Any mechanism internal to some software should be treated as a programming artifact: Its exact behavior is not documented and not guaranteed by the software provider, and it could change at any time without notice.
Any code relying on artifacts in 3rd party software is therefore brittle, i.e. easily broken. That does not mean it could not work for some unknown amount of time if behavior of the 3rd party software is characterized sufficiently via reverse engineering. There is a long tradition of tools taking such an approach. They are however, a royal pain to maintain (been there, done that, got the t-shirt), may never work 100% reliably, and at some time may just stop working entirely.
There isn’t any documentation available for them, and I would be fired for violating company policy if I released material non-public information about them. You’re welcome to ask whatever questions you wish, of course, but I doubt you’ll get any authoritative answers from NVIDIA.
Ok. So here is the modified question. If am logging and replaying the cuda function calls. Can I use the old registering values like fatCubinhandle at the time of replay or do I have to re-reregister?
I don’t know if I will be able to answer or not, and I don’t know if the Runtime or Driver API are documented enough to discuss how to “replay” them, whatever that may mean.
Which calls specifically? Can you give an example?
In general, a handle is an opaque object. If you get a handle (i.e. a specific numerical value or bit pattern) corresponding to an API that returns a handle, such as cudaStreamCreate(), then I would not assume that if I was going to run that call again (“replay”) in a different instance of an application or a different application, that I could use or would get the same numerical value/bit pattern.
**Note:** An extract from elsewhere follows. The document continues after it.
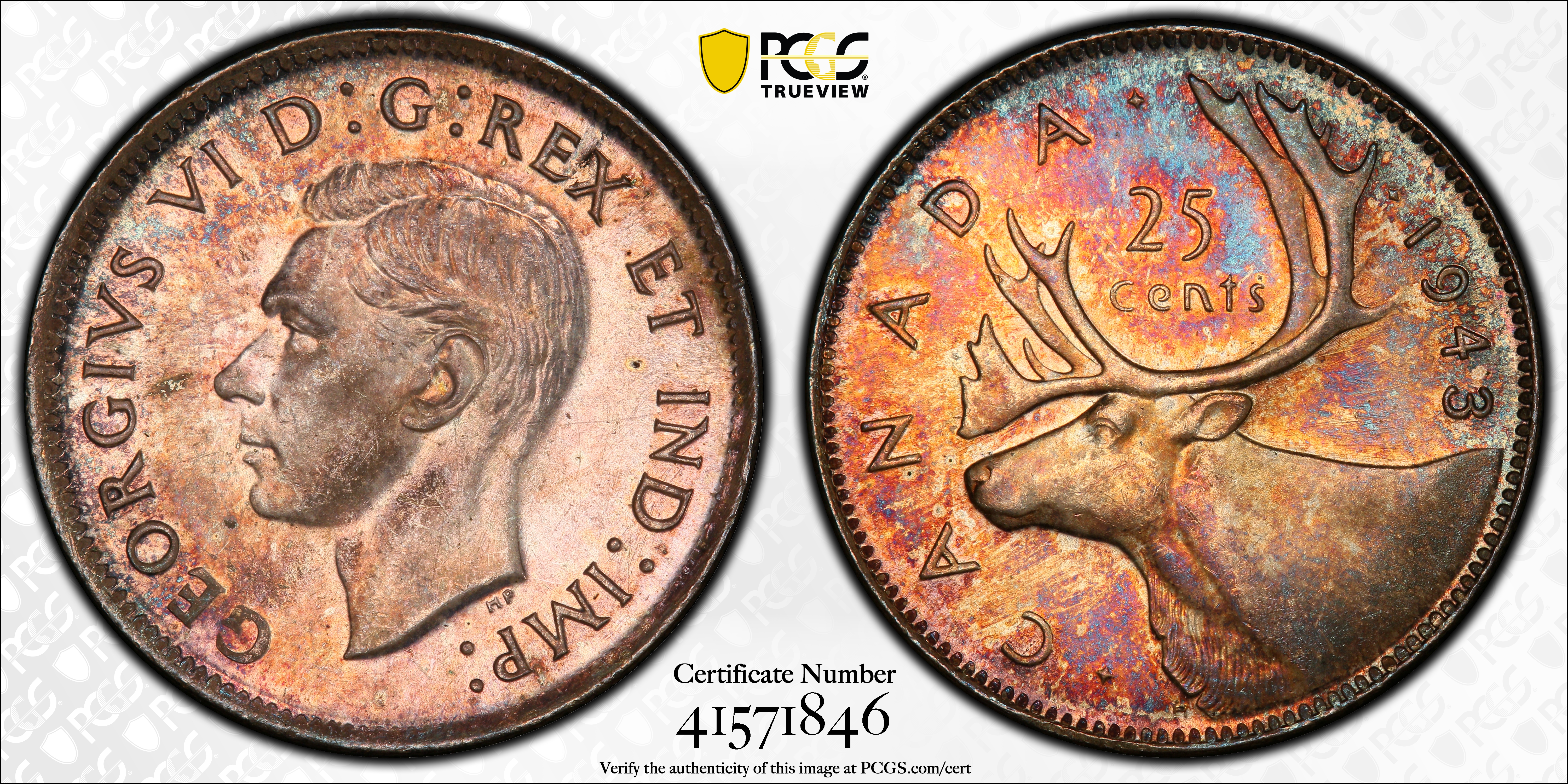 1943 25C MS65 Certification #41571846, PCGS #31856

Likewise, in a subsequent call that used that handle, called again (“replayed”) in another application setting, I would not assume that the handle numerical value returned in application instance A could be used in a different application instance B.
cudaStreamCreate(&s); // stores some numerical value like 12345 in `s`
cudaStreamSynchronize(s); // uses the numerical value 12345 to identify a stream
In the above example, if I ran the application and logged the value 12345 as the actual value stored in the handle s, and I desired to “replay” that sequence of calls in another application based on a recorded log of the sequence of calls, then I would not assume that 12345 had any meaning or relevance anywhere in the other/“replay” application setting.